All analyses in Experiment 1 were conducted in R (R Core Team, 2013). Before analysis, data were minimally preprocessed, removing RTs that were greater than 5 standard deviations away from the mean within subjects and conditions. All main effects were tested using linear mixed-effects models using the lmer() function from the lme4 package in R (Bates et al., 2015). Cognitive load, perceptual load, and ADHD symptom severity were treated as fixed effects, and were coded using effects coding. Random intercepts were included for each participant. All reported betas are standardized. Correction for multiple comparisons was conducted using the Tukey method. As an additional check, we also conducted these analyses in a manner treating ASRS scores as a continuous variable rather than binning participants and only retaining high and low-ADHD groups. These analyses can be found in Supporting Information Figure S2.

Results.

Results from Experiment 1 indicate that cognitive and perceptual load impact behavioral variability and task performance in a manner contingent on ADHD symptoms (see Figure 2). Under high perceptual load, the group with high levels of ADHD symptoms had lower RTV—an indicator of fewer attentional lapses during game play—than did the low-ADHD group (Mhi = 709.99, SD = 432.03 Mlo = 735.64, SD = 518.99), and the interaction between ADHD status and load condition on RTV was statistically significant (F(1, 226) = 6.97, p = .009). Those with high-ADHD symptom severity also underperformed in the crystal collection task during the cognitive load condition compared to those with mild or nonexistent ADHD symptoms (Mhi = 20.78, SD = 5.33; Mlo = 21.67, SD = 4.52), again with a significant interaction between ADHD status and load condition (F(1, 226) = 5.54, p = .018). This pattern was not observed in the baseline or perceptual load conditions.

Figure 2. .

Figure 2. 

Task performance (crystals collected/asteroid collisions) and reaction time (RT) variability in high-ADHD and low-ADHD groups during the baseline, cognitive load, and perceptual load conditions in Experiment 1 (in-lab). Error bars represent 95% confidence intervals (within subjects).

Experiment 2

Participants.

Participants in this experiment were recruited from the participant pool of the Communication Department at a large university in the western United States and from the general community surrounding the university. A total of 36 participants (23 female, 13 male, Mage = 19.76) were recruited—18 participants with high-ADHD symptom severity and 18 participants with low-ADHD symptom severity. Participants were recruited using a survey prescreener with the same cutoff points as were used in Experiment 1—ASRS ≥ 3.2 for the high-ADHD group and ASRS ≤ 2.0 for the low-ADHD group. Those whose ASRS scores were above the high-ADHD cutoff or below the low-ADHD cutoff were contacted by a researcher and invited to schedule a brain imaging appointment. Participants were asked to refrain from taking any ADHD medication for at least 12 hours before their appointment. Data from two participants were excluded due to equipment malfunction.
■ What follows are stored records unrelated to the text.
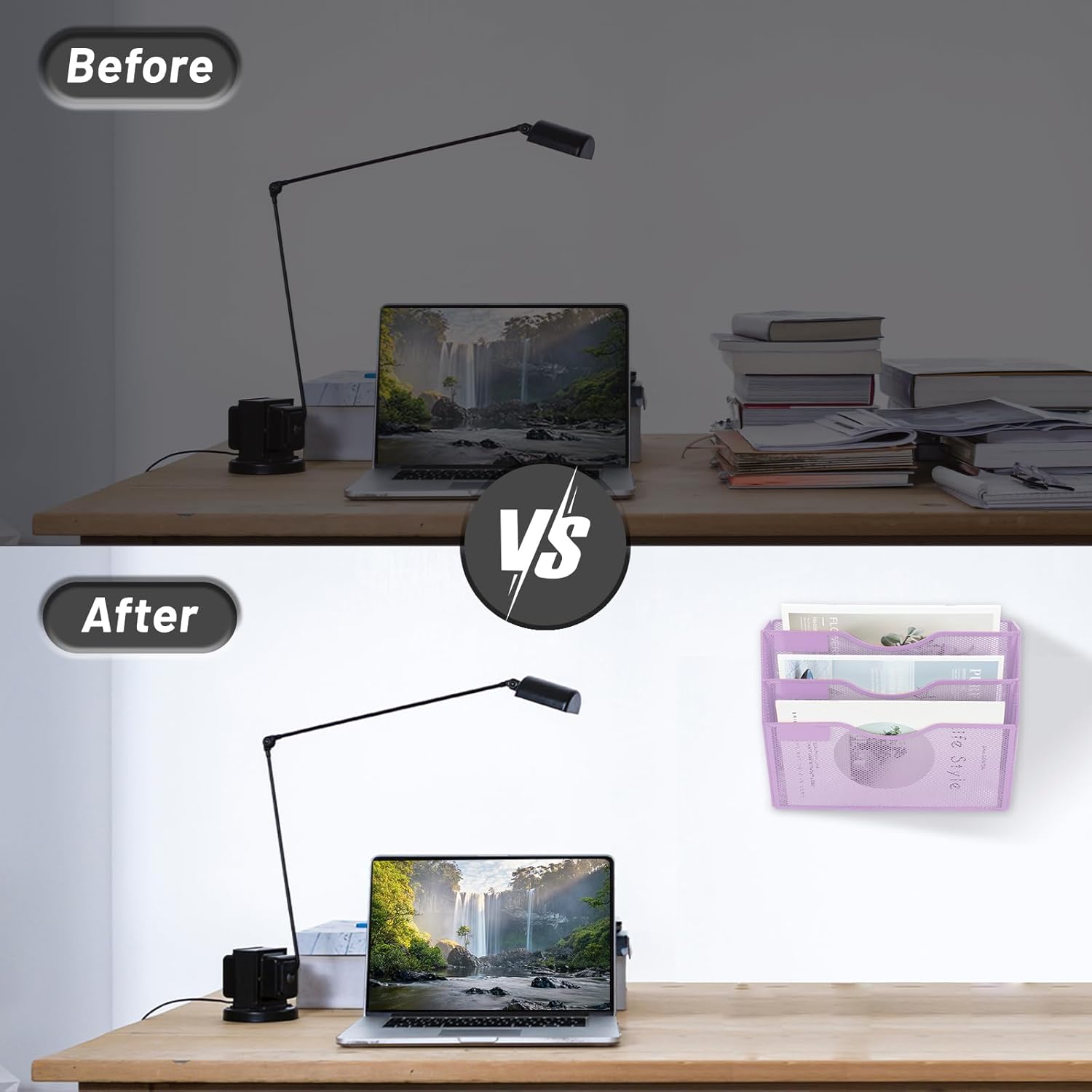 EASEPRES 3 Pocket Mesh Hanging Wall File Organizer, Wall Mounted Mail Paper Document Folder Holder, Clipboard Storage Organization Magazine Rack with Nametag Label for Office Home School, Light Purple
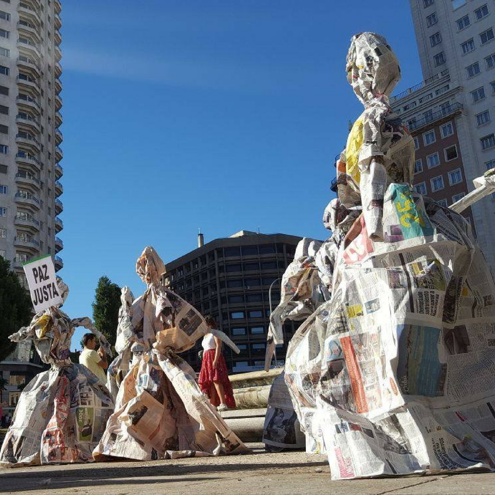 Un Mundo Sin Mordaza y Paperformances fueron los promotores, Gaby Araujo y José Antonio García los responsables. Pero no lo hicieron solos, decenas de voluntarios trabajaron sin descanso durante días para lograr las más de 50 figuras de papel periódico a tamaño real que representaron a los » guerreros de franela «. Dirigida al público español, la actividad sirvió para hacer más visible la situación en Venezuela.
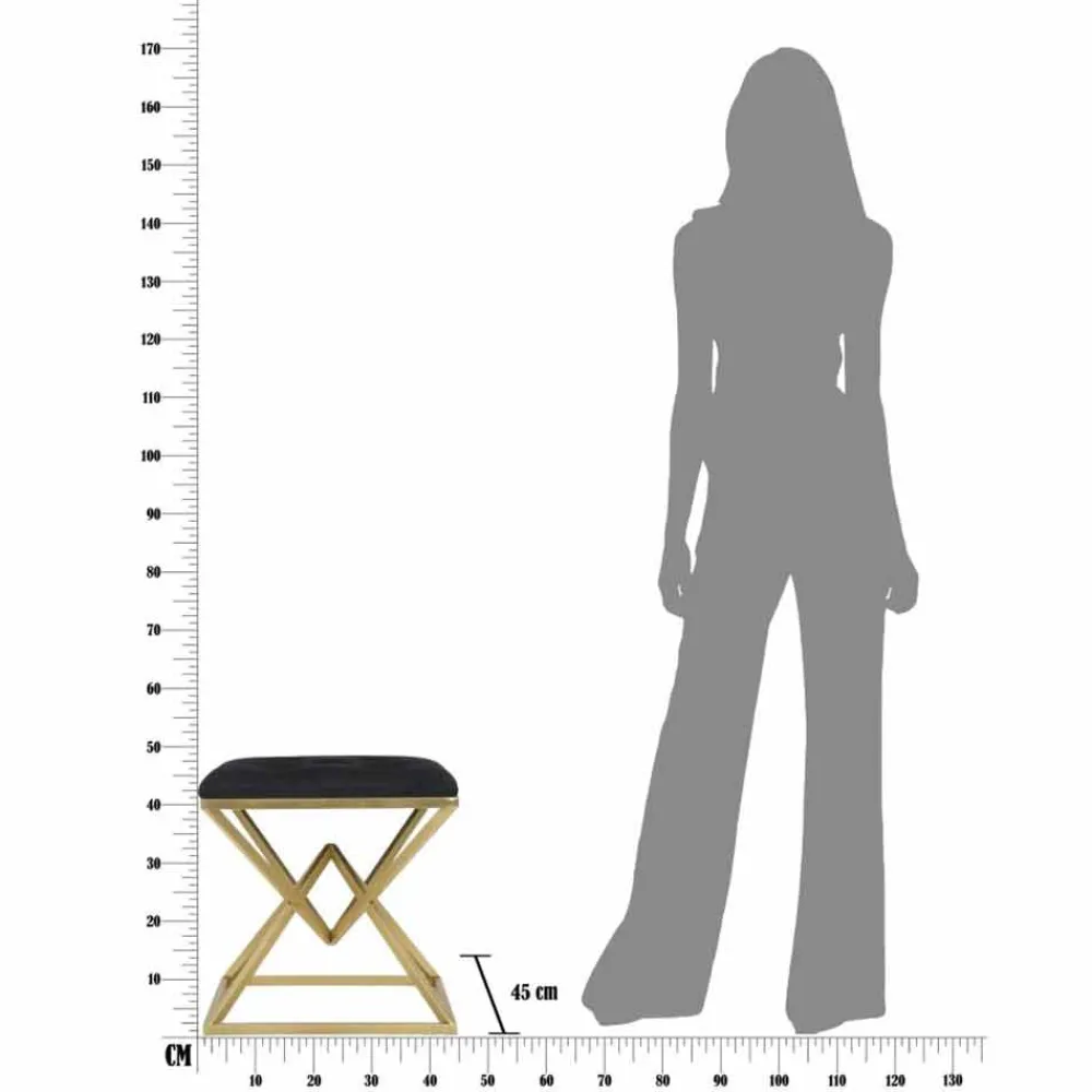 Moderner quadratischer Hocker aus Eisen und Stoff.
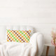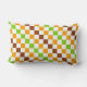 A vibrant checkered pattern of alternating green, orange, and brown squares on a white background. The design creates a lively, geometric feel.
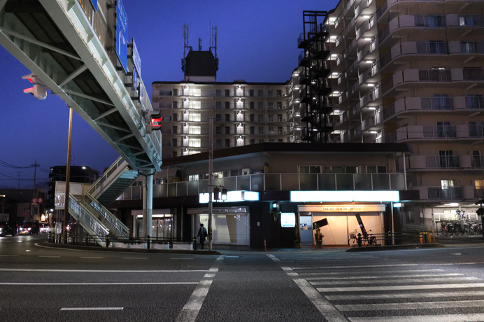 先日の記事の続きで西大路通を南に歩きます。TOPは九条通(左)との交差点で、既に日が暮れているのはこの日の最後に撮った写真だからです。九条通は、平安京の南端の九条大路にあたります。
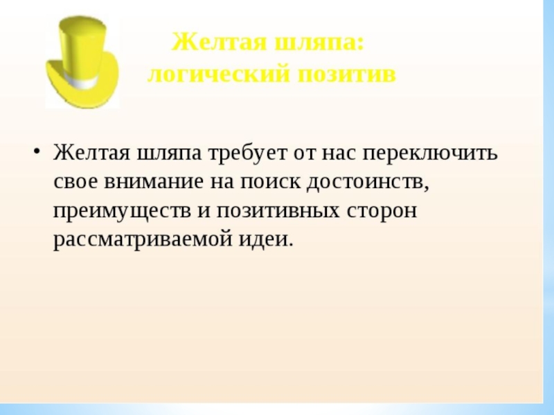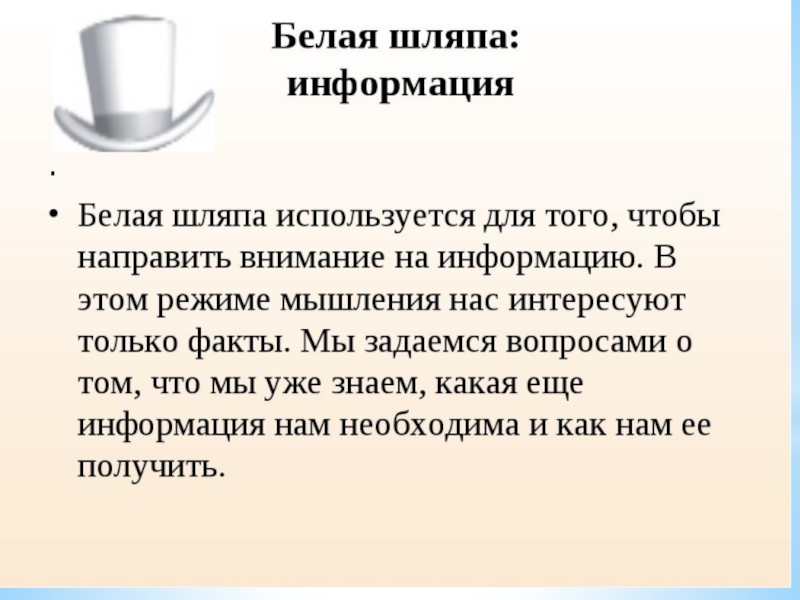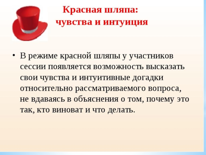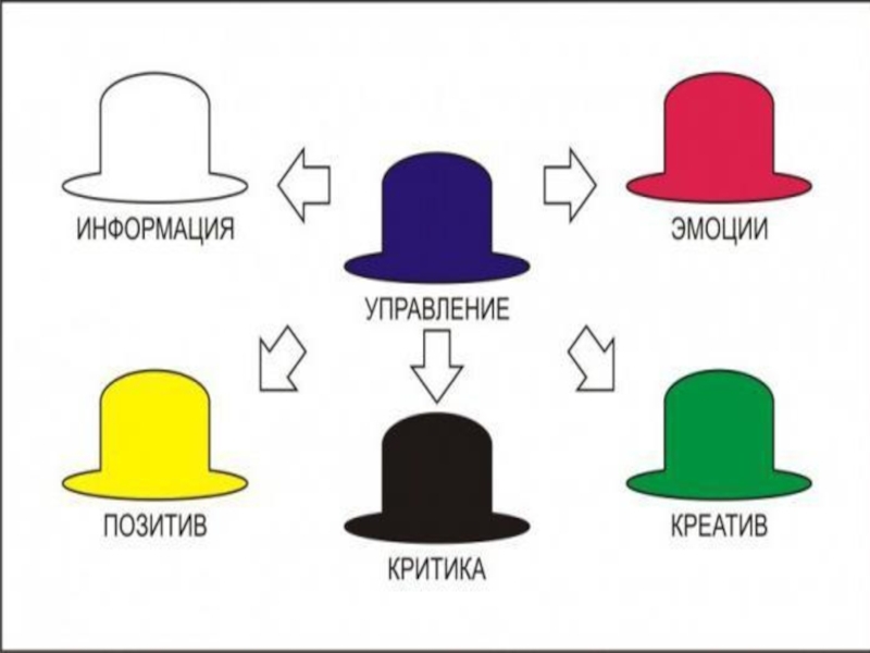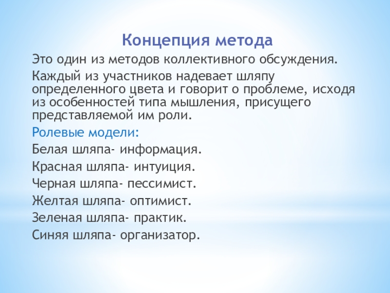 Концепция метода Это один из методов коллективного обсуждения. Каждый из участников надевает шляпу определенного цвета и говорит о проблеме, исходя из особенностей типа мышления, присущего представляемой им роли. Ролевые модели: Белая шляпа- информация. Красная шляпа- интуиция.

Scanning parameters and preprocessing.

All brain imaging data were collected on a 3T Siemens Magnetom Prisma (TR = 400 ms, TE = 35 ms, flip angle = 52°, acquisition matrix = 64 × 64, in-plane resolution = 3 mm3). Upon arriving in the Brain Imaging Center, participants provided informed consent, and filled out a metal-screening form. After this, participants spent approximately 10 minutes seated at a laptop practicing the video game task that they would be performing in the scanner. Upon completing the practice task, participants changed into scrubs and a researcher positioned them in the scanner, where they underwent a T1 structural scan followed by the video game task, a T2 structural scan, and a short gambling task which is not reported here. Functional runs included three 600-volume repetitions within each condition (baseline, cognitive load, perceptual load).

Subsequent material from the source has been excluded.